2. Having a family member with a strong work ethic.
3. Having a successful business nearby creates more traffic and more competition. For example, Starbucks makes other companies, such as Coffee Bean, more successful.
4. The New England Patriots are the Starbucks of football. A lot of men hate the Patriots because men hate that which threatens their power. But the powerful are effective role models.
5. Football was a garbage sport in the 1980s coached by rednecks with fat bellies. Not until Bill Walsh coached the 49ers in the late 1980s did all of football improve.
6. Being raised with diverse food at an early age gives you a more sophisticated palate. Take my wife and me. She grew up on green Jell-O and a cheese sandwiches. I grew up on authentic Mexican cooking in San Jose, California, then moved to Berkeley where I ate Thai, Indian, and other spicy cuisines. It was in my environment. It wasn’t in hers.
7. Determinism, obesity, and poverty: Poor people are fatter than middle class and rich people. There are many reasons for this, including the stress of poverty, which stimulates a “fat” hormone.
Part Five. Nihilism Is No Longer a “Choice” for Archie and Brother Leon
1. nihilism, the obliteration of right and wrong, losing any stakes in life, nothing is at stake anymore, beyond caring is the shortest definition, a sort of spiritual death where you wander the world not caring if you live or die or amount to anything. Death of a moral compass.
2. Anything Goes Morality or Moral relativism, make up your moral system depending on circumstances. Stealing, lying, cheating, and other immoral conduct can be rationalized under the right circumstances.
3. Populist Fallacy: Everyone else is doing it, so why can’t I? Brother Leon presumably sees other teachers getting kickbacks, so he “joins the party.”
4. Slippery slope is when your rationalizations lead to nihilism.
5. In nihilism you reach the point where there are no rules so that “all is permitted” or “anything goes.”
6. Inconsolable, learned helplessness, a sense that everything is futile so the only thing left in life is to “get yours.” In America, we have the nihilistic saying, “I’ve got mine. Get yours.”
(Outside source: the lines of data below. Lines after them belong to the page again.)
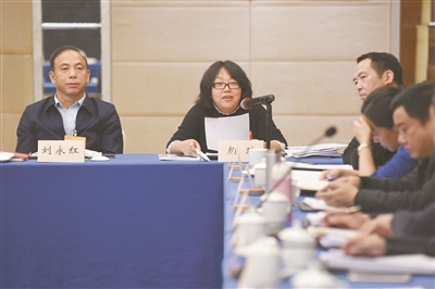 1月13日上午,颜玫委员(左二)在小组会议上就产业扶贫走可持续发展路线建言。记者 傅聪 摄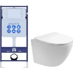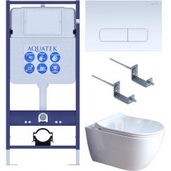 Инсталляция с подвесным унитазом комплект: Aquatek Set INS-0000012 с подвесным безободковым унитазом Лея AQ1199-00 сиденье микролифт, крепление, кнопка смыва белая.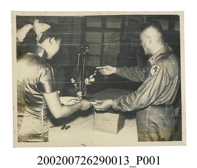 1.本物件為黑白照片,為馬祖守備區擴大慶生會的情景。由照片可見拍攝地點為室內,左方為一名身著短袖連身旗袍、頭上綁有髮飾的女性,正在遞物品給右方身著長袖軍服的馬祖指揮部彭啟超指揮官。兩人之間設有一張桌子,桌上放置一座花飾、一個箱子,桌前設有麥克風。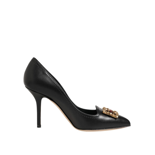 Dolce & Gabbana Black Leather DG Amore Heels Pumps Shoes
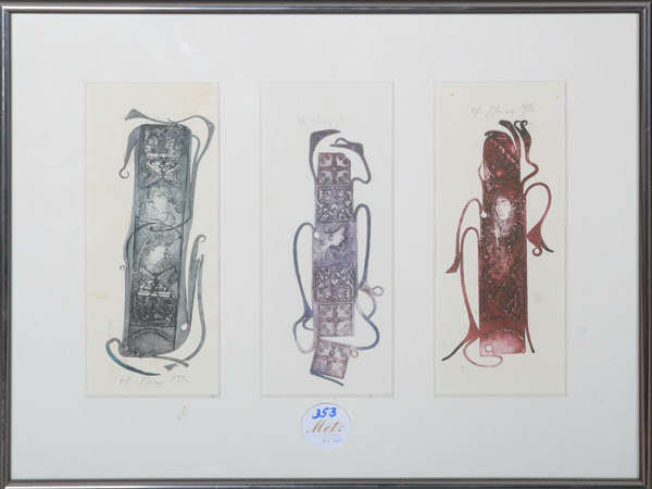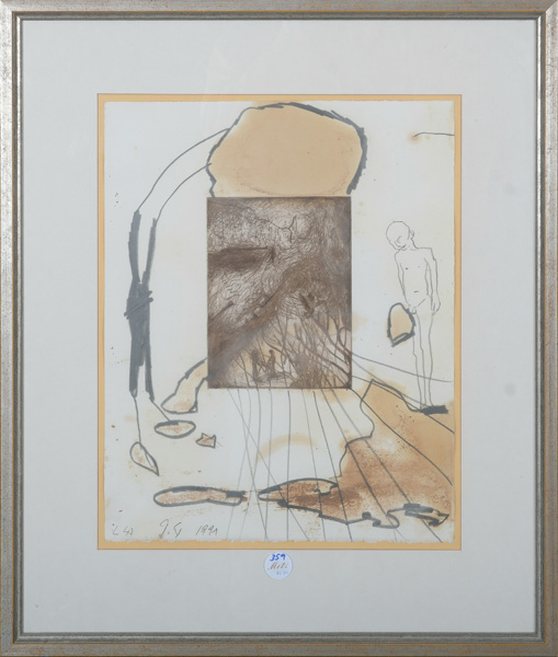 - Katalog-Nr: 353Graphiker des 20. Jhs. Surrealistische Komposition. Farblithographie EA, re./u. bzw. re./o. unleserlich sign./dat. 1992, mit Passepartout hi./Gl. gerahmt, 16 x 5,5 cm.o.L.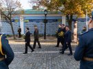 Оголосили хвилину мовчання, після чого військовий оркестр виконав Державний гімн України. Воїни почесної варти салютували шістьма залпами.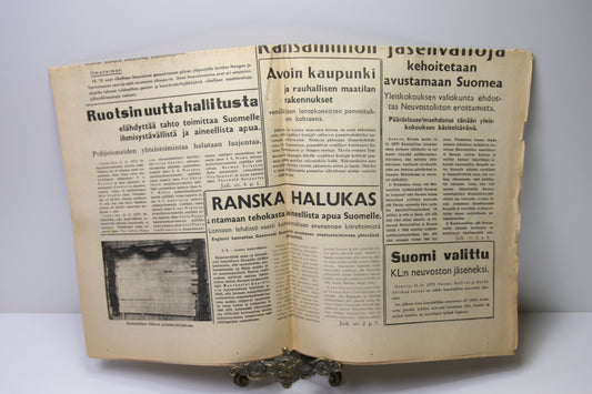 LoppuunmyytyUusi Suomi lehti vuodelta 1939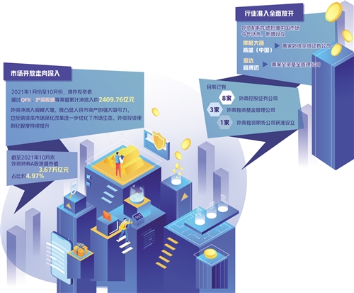 一系列開放舉措吸引了外資的高度關(guān)注和認(rèn)可,外資參與中國市場(chǎng)熱情高漲,在華投資展業(yè)活動(dòng)加快推進(jìn)。截至2021年10月末,外資持有A股流通市值3.67萬億元,占比約4.97%。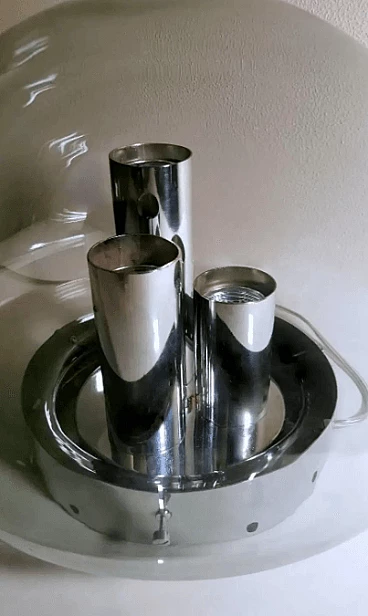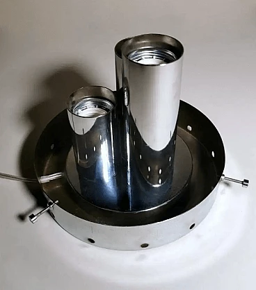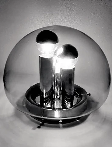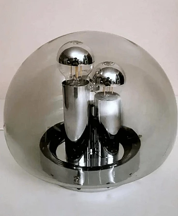 La lampada ha una base rotonda in metallo cromato all'interno della quale sono stati fissati tre tubi, anch'essi cromati, di diverse altezze che hanno la funzione di portalampada; alla lampada sono fissate le speciali e particolari lampadine che si adattano perfettamente allo stile dell'oggetto; l'intera struttura è ricoperta da una sfera di vetro fumé, sfera che può essere rimossa per la pulizia semplicemente allentando manualmente dei piccoli perni sulla base; nella parte inferiore della sfera è stata praticata un'apertura semicircolare per il passaggio dei fili elettrici, sul bordo della quale è presente una piccola scalfittura non visibile in quanto nascosta dalla base metallica. La lampada è priva di etichetta adesiva del produttore, ma in base allo stile, ai materiali e alla lavorazione, possiamo attribuirla con certezza alla ditta tedesca Doria-Werk, che la produsse tra il 1960 e il 1963. La lampada si sviluppa attorno ad elementi lineari e circolari che si integrano perfettamente, riesce ad essere ben contestualizzata in qualsiasi ambiente, dando quel tocco di originalità e particolarità che riscalda l'ambiente; il suo design anni '60 lascia spazio alla libertà e all'innovazione, è un pezzo unico. Misure diametro cm.32, altezza cm.27. La lampada è in buone condizioni. Piccola scalfittura nella sfera dove passano i fili elettrici. L'impianto elettrico è funzionante ma il cablaggio è europeo, la compatibilità del voltaggio in altri paesi deve essere sempre verificata da un elettricista prima dell'uso.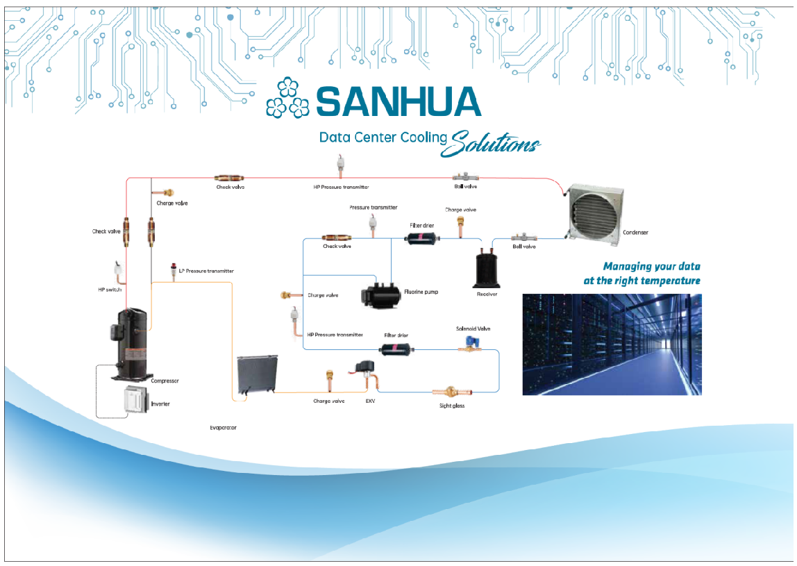 With the development of digitalization, the scale of data centers continues to expand, and equipment density and energy consumption continue to increase, the performance of the cooling system directly affects the reliability and operating costs of data centers. The MCHE heat pipe backplate heat exchanger, which is lightweight, has high heat transfer efficiency and low refrigerant ge, is a widely adopted solution today. However, in er to further reduce the PUE value of the data center, the liquid cooling system has gradually become a mainstream solution, and SANHUA plate heat exchanger has made a grand debut, especially in the CDU water-water heat exchange applications, SANHUA's S27 and S200 are popular choices, playing a key role in the liquid cooling system.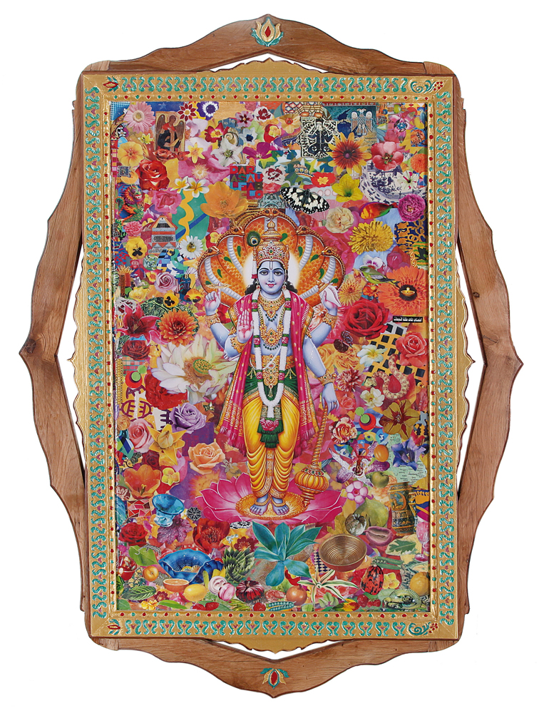 FELIPE CARDENA Balaguer (Spagna) 1979 Voglio godermi la bellezza delle stelle, 2012 collage su tela con cornice dell'artista sagomata cm. 165x120, firma, titolo e anno al retro, dichiarazione d'autenticità dell'artista su stampa fotografica, pubblicato sul catalogo della mostra "Felipe Cardena, poesie della fine del mondo", tenutasi dal 25 maggio al 8 settembre 2012 presso la First Gallery (Roma), pagina 21.

7. Point of No Return, like the cop who steals drugs 1,000 times.
8. “Despair is not knowing it,” Kierkegaard
9. empathy vs. self-pity, an eternal battle
10. numbness, which leads to sadism, a perverted form of power in which one derives pleasure from inflicting cruelty upon others.
Part Six. Journal Entry:
For today’s essay variation, you are asked to explain determinism and free will in your introductory first page. Provide personal examples of determinism and free will, either in yourself or someone you know.